# Source records
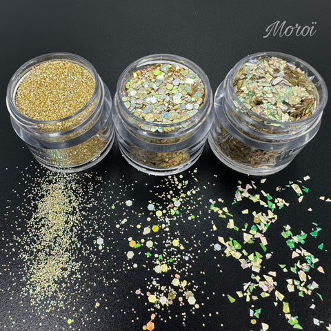 Chaque trio contient trois types de paillettes translucides afin de créer l’effet souhaité:
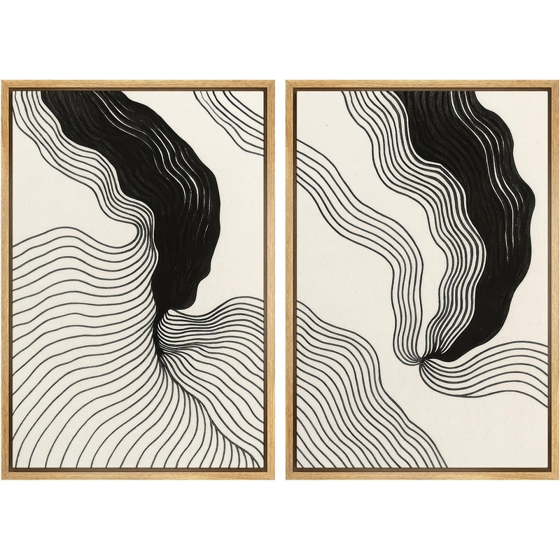 SIGNWIN Framed Canvas Print Wall Art Set Abstract Black Line Flow Minimalist Modern Art Minimal Boho Relax/Calm for Living Room, Bedroom, Office - 24"x36"x2 Natural
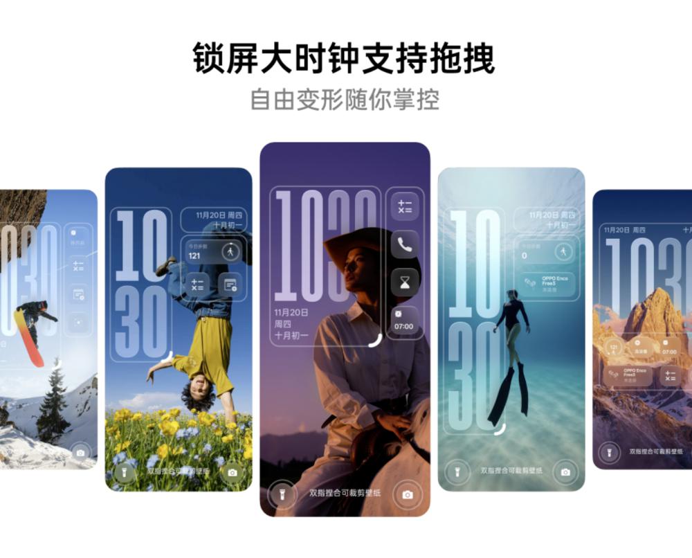 ColorOS 16 首版就带来了许多新锁屏容貌,其中就包括一些大时钟的选项。
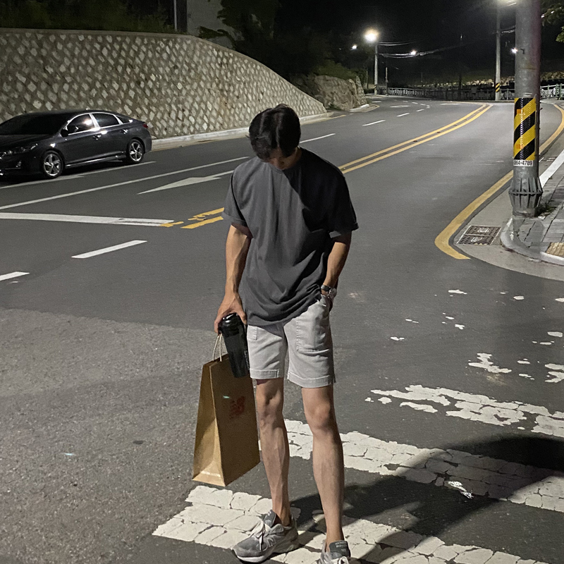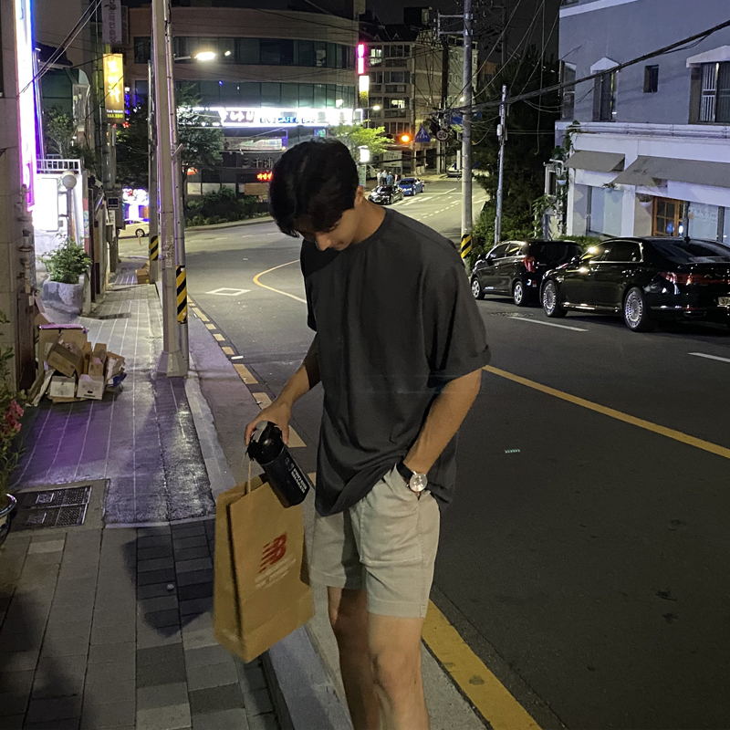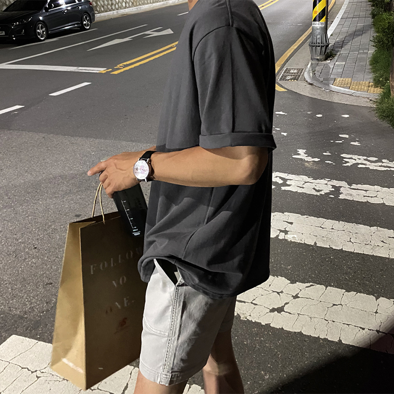Bisher 2022 new washed cotton white short sleeve T-shirt round collar male trend half sleeve loose male T-shirt grey
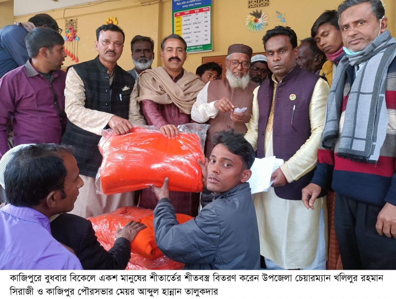 মোহাম্মদ নাসিম ফাউন্ডেশনের এই কম্বল বিতরণ করেন কাজিপুর উপজেলা চেয়ারম্যান খখিলুর রহমান সিরাজী, কাজিপুর পৌরসভার মেয়র আব্দুল হান্নান তালুকদার সহ ওয়ার্ড কাউন্সিলরগণ।
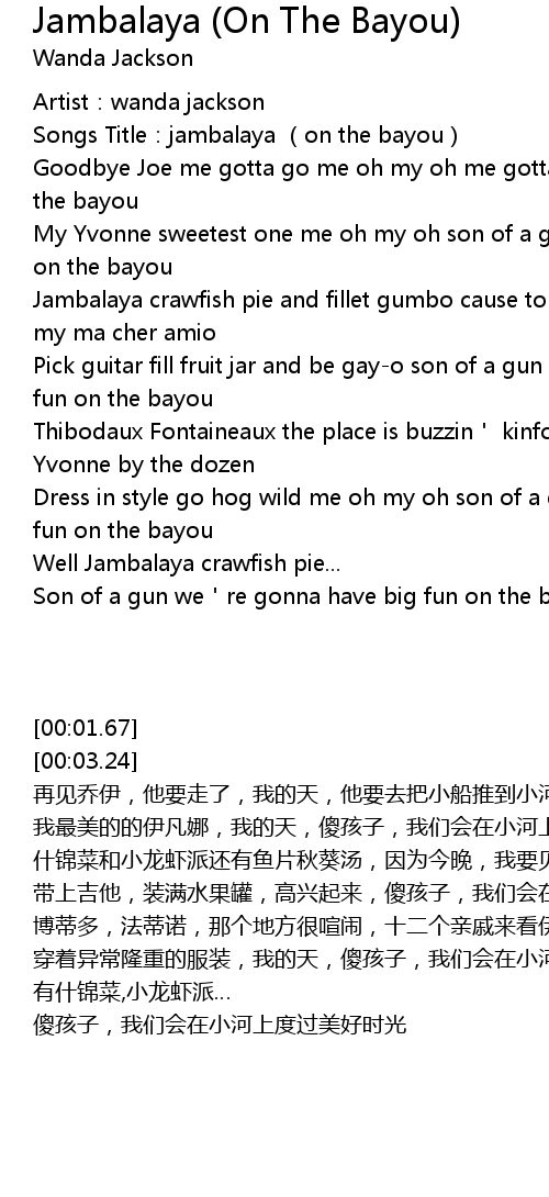 | [00:03.24] | Songs Title:jambalaya (on the bayou) |
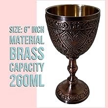 Luxurious Brass Wine Goblet Copper Antique Gothic Theme Game of Thrones Beer Chalice Goblet 240ml (Pack Of 1)

# Work instructions
Drop the pictures, then reproduce exactly the lines from the one with "মোহাম্মদ নাসিম ফাউন্ডেশনের" through the final line of the listing.

# Answer box
 মোহাম্মদ নাসিম ফাউন্ডেশনের এই কম্বল বিতরণ করেন কাজিপুর উপজেলা চেয়ারম্যান খখিলুর রহমান সিরাজী, কাজিপুর পৌরসভার মেয়র আব্দুল হান্নান তালুকদার সহ ওয়ার্ড কাউন্সিলরগণ।
 | [00:03.24] | Songs Title:jambalaya (on the bayou) |
 Luxurious Brass Wine Goblet Copper Antique Gothic Theme Game of Thrones Beer Chalice Goblet 240ml (Pack Of 1)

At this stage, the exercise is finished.